━━━ Provided information ━━━

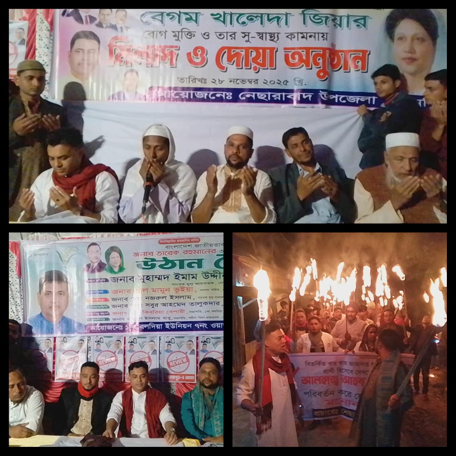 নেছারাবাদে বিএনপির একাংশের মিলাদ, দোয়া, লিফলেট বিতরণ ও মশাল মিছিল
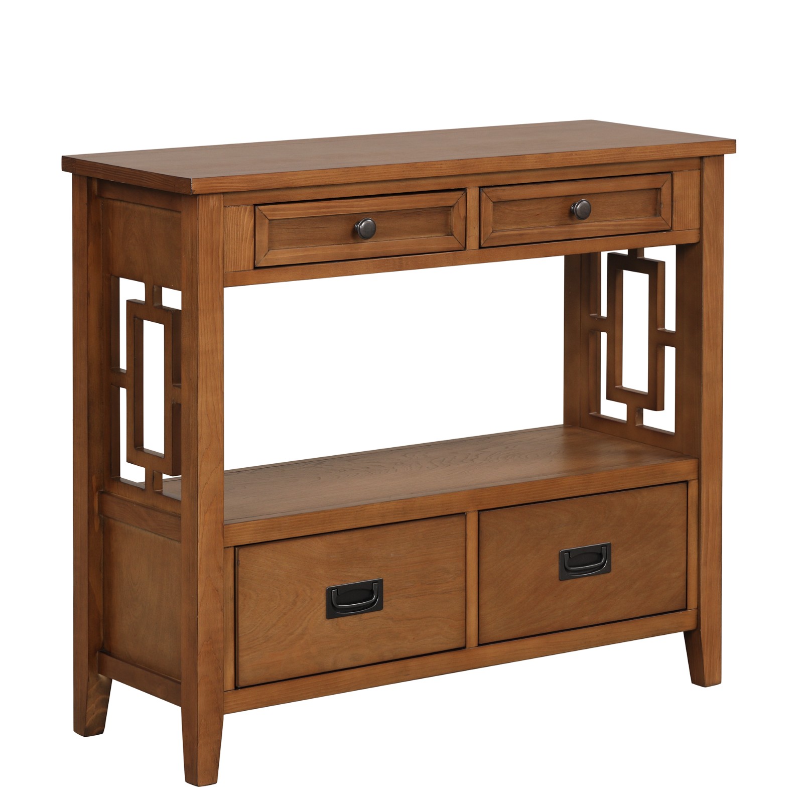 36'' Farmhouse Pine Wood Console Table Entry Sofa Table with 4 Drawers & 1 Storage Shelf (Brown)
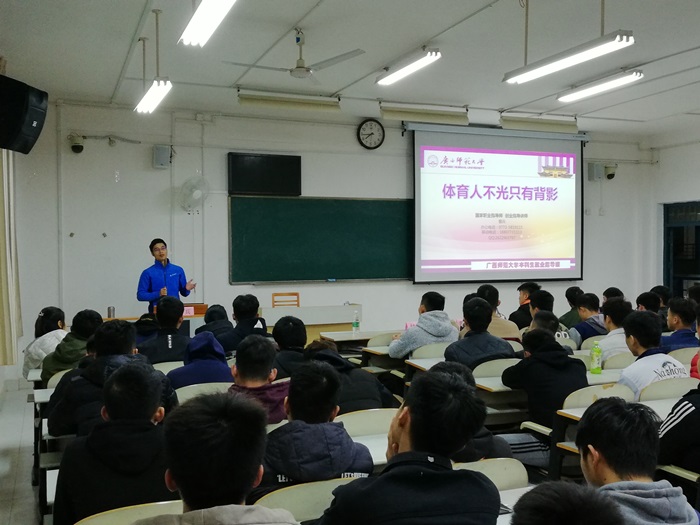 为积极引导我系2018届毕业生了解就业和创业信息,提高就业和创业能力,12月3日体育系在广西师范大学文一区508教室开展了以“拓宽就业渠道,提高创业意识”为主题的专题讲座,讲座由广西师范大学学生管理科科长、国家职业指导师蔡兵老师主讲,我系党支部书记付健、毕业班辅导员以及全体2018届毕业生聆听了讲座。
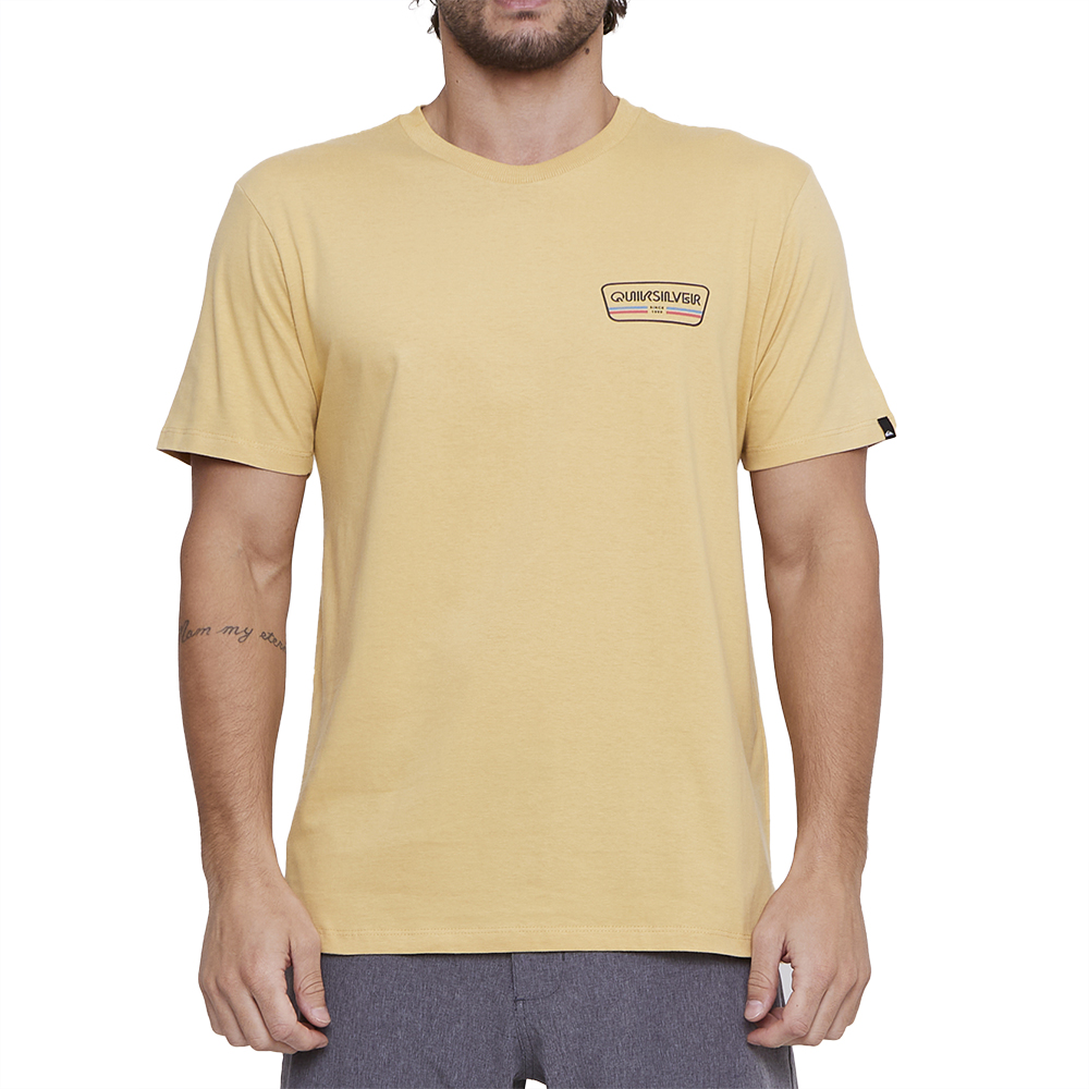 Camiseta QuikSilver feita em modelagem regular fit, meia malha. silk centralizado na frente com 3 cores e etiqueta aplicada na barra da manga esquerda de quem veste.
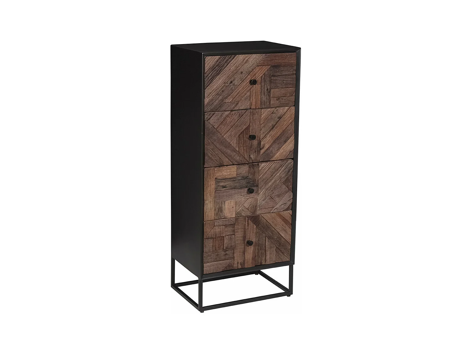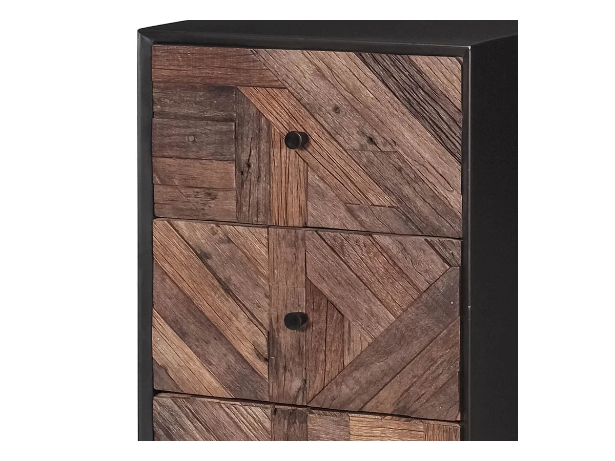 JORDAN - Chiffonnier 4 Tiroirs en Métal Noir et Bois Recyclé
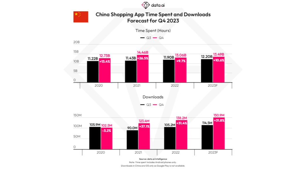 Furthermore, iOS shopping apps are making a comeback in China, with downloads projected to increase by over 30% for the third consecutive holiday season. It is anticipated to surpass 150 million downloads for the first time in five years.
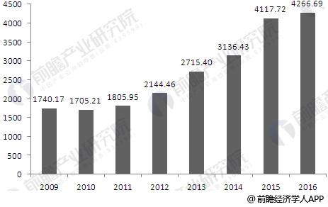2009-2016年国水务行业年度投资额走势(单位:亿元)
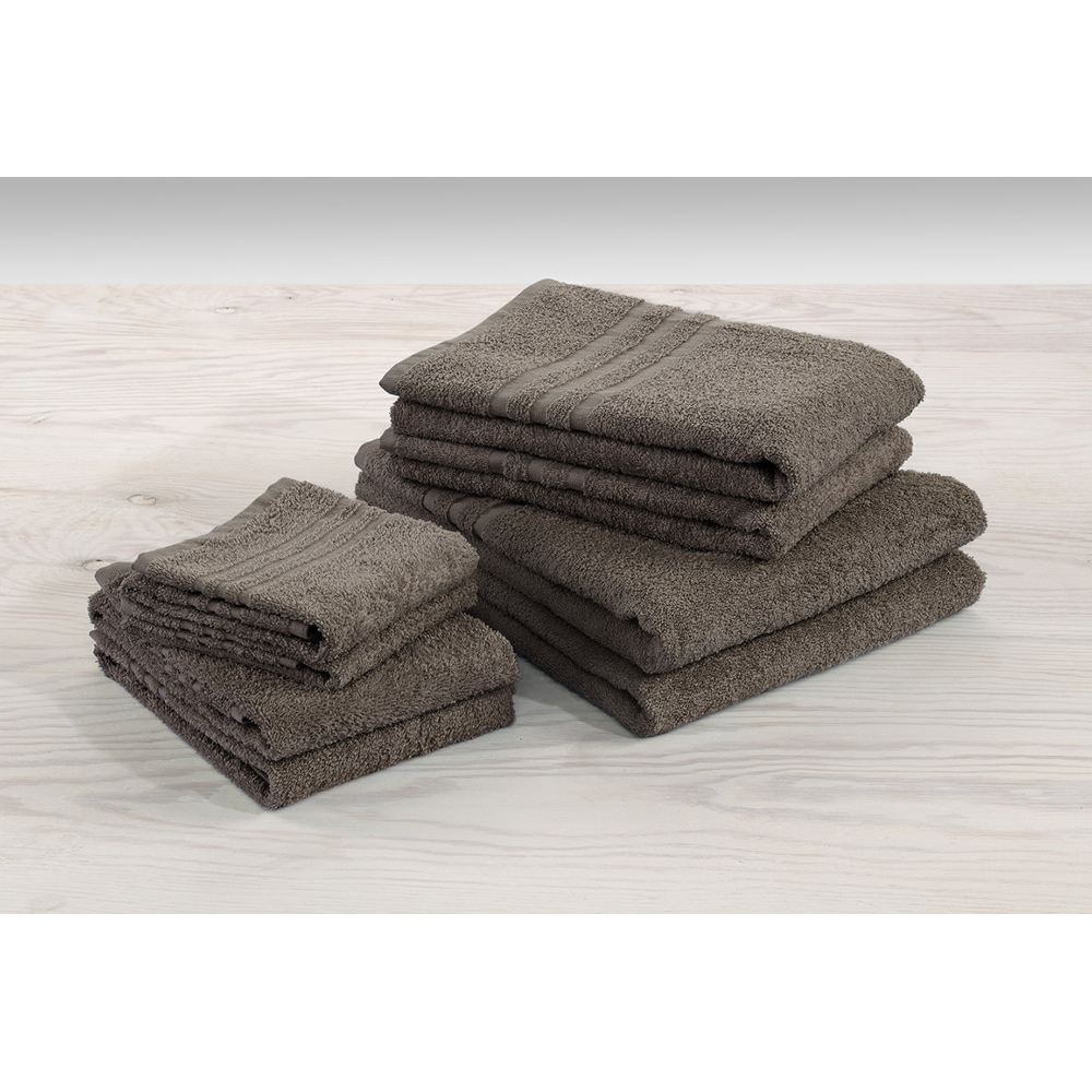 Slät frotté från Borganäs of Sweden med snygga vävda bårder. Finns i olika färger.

━━━

> **Exercise details**: Could you copy, exactly and with no pictures, each line from the first one above to the line holding "为积极引导我系2018届毕业"?

> **Answer for the task**:
 নেছারাবাদে বিএনপির একাংশের মিলাদ, দোয়া, লিফলেট বিতরণ ও মশাল মিছিল
 36'' Farmhouse Pine Wood Console Table Entry Sofa Table with 4 Drawers & 1 Storage Shelf (Brown)
 为积极引导我系2018届毕业生了解就业和创业信息,提高就业和创业能力,12月3日体育系在广西师范大学文一区508教室开展了以“拓宽就业渠道,提高创业意识”为主题的专题讲座,讲座由广西师范大学学生管理科科长、国家职业指导师蔡兵老师主讲,我系党支部书记付健、毕业班辅导员以及全体2018届毕业生聆听了讲座。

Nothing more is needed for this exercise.